We can now apply the model and test it throught the log_reg function. For a given dataframe, it will return the model score and the prediction of the testing dataframe (which, if the model is working, should be wt for the first three, and the others ko or oe depending of the dataframe). 

In [7]:
def log_reg(df):
    train_df = split_df(df)['train']
    test_df = split_df(df)['test']
    x = train_df['coef'].values.reshape(-1,1)
    y = train_df['class'].values
    model = LogisticRegression()
    model.fit(x,y)
    score = model.score(x,y)
    y_pred = model.predict(test_df['coef'].values.reshape(-1,1))
    return score, y_pred

In [8]:
log_reg(coef_oe)

(1.0, array(['wt', 'wt', 'wt', 'oe', 'oe', 'oe'], dtype=object))

In [9]:
log_reg(coef_ko)

(1.0, array(['wt', 'wt', 'wt', 'ko', 'ko', 'ko'], dtype=object))

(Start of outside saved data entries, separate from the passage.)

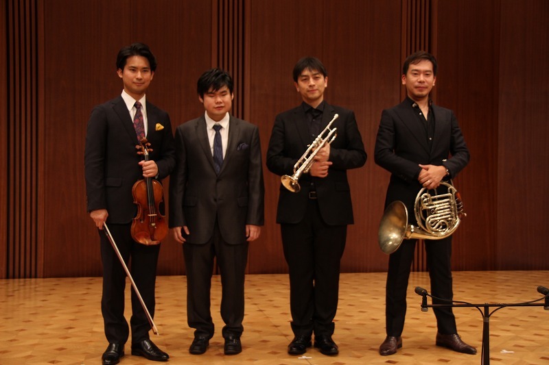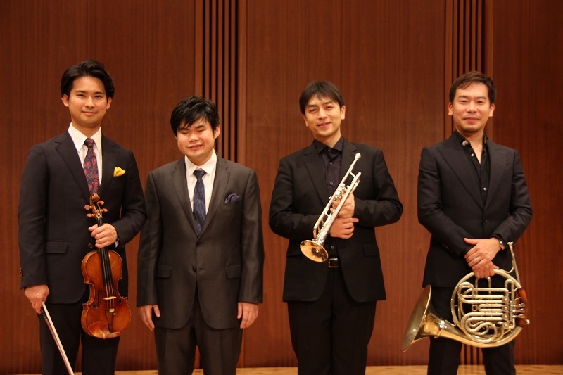 音楽祭『サントリーホール ARKクラシックス』に出演する(左から)バイオリニストの三浦文彰、ピアニストの辻井伸行、トランペッターの佐藤友紀、ホルン奏者の福川伸陽
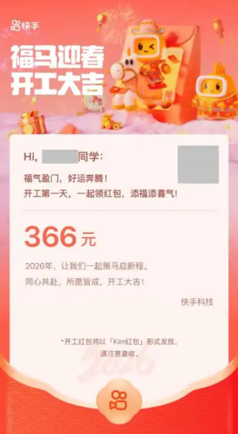 快手给员工发放开工红包,正式员工每人366元。根据员工晒出的截图,红包中写道:“2026年,让我们一起策马启新程。同心共赴,所愿皆成,开工大吉。”
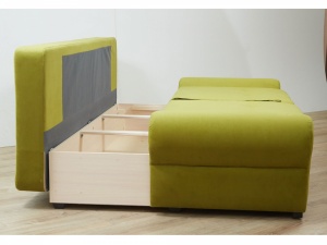 Каркас сборный, в конструкции применены различные виды древесных материалов - экологически чистые материалы, придающие надежность конструкции, качество, долговечность. В диване предусмотрен вместительный бельевой ящик, в котором установлены вентиляционные устройства.
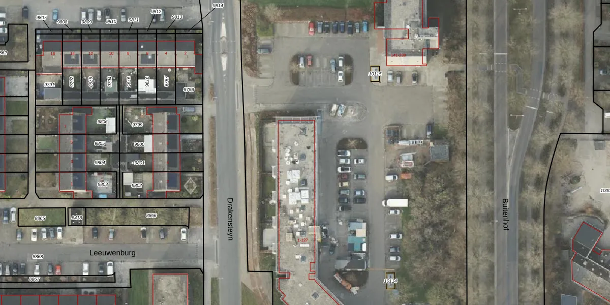 Het perceel waarop Drakensteyn 19 staat heeft een oppervlakte van 2,9 ha. Dit is een zeer groot perceel. De perceeloppervlakte wordt geregistreerd door het Kadaster. Gedetailleerde informatie over de maten van dit perceel kunt u vinden in het rapport Kadastrale kaart met maatvoering van Drakensteyn 19.
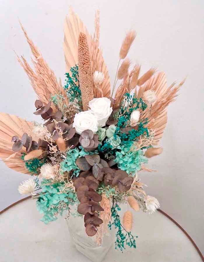flores naturales, secas y preservadas de alta calidad. Su diseño elegante y romántico incluye
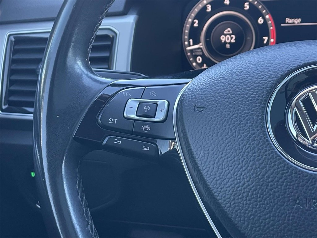 PRICED UNDER MARKET, DEALER INSPECTED AND SERVICED, Certified for extended service contract coverage, 18" 5-Spoke Wheels, 20" Silver Triple 5-Spoke Wheels, 3.60 Axle Ratio, 3rd row seats: split-bench, 4-Wheel Disc Brakes, 8 Speakers, ABS brakes, Active Blind Spot Monitor, Air Conditioning, Alloy wheels, AM/FM radio: SiriusXM, Auto-dimming Rear-View mirror, Automatic temperature control, Brake assist, Bumpers: body-color, Compass, Delay-off headlights, Driver door bin, Driver vanity mirror, Dual front impact airbags, Dual front side impact airbags, Electronic Stability Control, Emergency communication system: VW Car-Net services (capabilities require enrollment or subscription), Exterior Parking Camera Rear, Forward collision: FCW w/Autonomous Emergency Braking mitigation, Four wheel independent suspension, Front anti-roll bar, Front Bucket Seats, Front Center Armrest, Front dual zone A/C, Front fog lights, Front reading lights, Garage door transmitter: HomeLink, Heated Comfort Front Bucket Seats, Heated door mirrors, Heated front seats, Heated steering wheel, Illuminated entry, Low tire pressure warning, Luggage Net, Memory seat, Navigation System, Occupant sensing airbag, Outside temperature display, Overhead airbag, Overhead console, Panic alarm, Passenger door bin, Passenger vanity mirror, Power door mirrors, Power driver seat, Power Liftgate, Power moonroof, Power passenger seat, Power steering, Power windows, Radio data system, Radio: Discover Media 8.0" Touchscreen w/Nav, Rain sensing wipers, Rear air conditioning, Rear anti-roll bar, Rear reading lights, Rear seat center armrest, Rear window defroster, Rear window wiper, Remote CD player, Remote keyless entry, Roadside Assistance Kit, Roof rack: rails only, Security system, Speed control, Speed-sensing steering, Split folding rear seat, Spoiler, Standard Suspension, Steering wheel mounted audio controls, Tachometer, Telescoping steering wheel, Tilt steering wheel, Traction control, Trip computer, Turn signal indicator mirrors, V-Tex Leatherette Seating Surfaces, Variably intermittent wipers, Wheels: 20" Silver Triple 5-Spoke Alloy.

Finally, we will use a dummy classifier to check that the score and prediction are different with this model (using the same data to train it).

In [10]:
def dummy_class(df):
    train_df = split_df(df)['train']
    test_df = split_df(df)['test']
    x = train_df['coef'].values.reshape(-1,1)
    y = train_df['class'].values
    dummy_clf = DummyClassifier(strategy="most_frequent")
    dummy_clf.fit(x, y)
    dummy_pred = dummy_clf.predict(test_df['coef'].values.reshape(-1,1))
    dummy_score = dummy_clf.score(x, y)
    return dummy_score, dummy_pred

In [11]:
dummy_class(coef_oe)

(0.6538461538461539, array(['oe', 'oe', 'oe', 'oe', 'oe', 'oe'], dtype='<U2'))

In [12]:
dummy_class(coef_ko)

(0.64, array(['ko', 'ko', 'ko', 'ko', 'ko', 'ko'], dtype='<U2'))

In conclusion, we can fit a linear regression model to the growth of neuronal cultures. The slope coeffient obtained can be then used as a feature to identify the absence or overexpression of my protein of interest. More in general, it can be used to classify cultures as "fast" or "slow" growing, and thus to quickly screen the effect of different genetic and pharmacological manipulations on neuronal growth.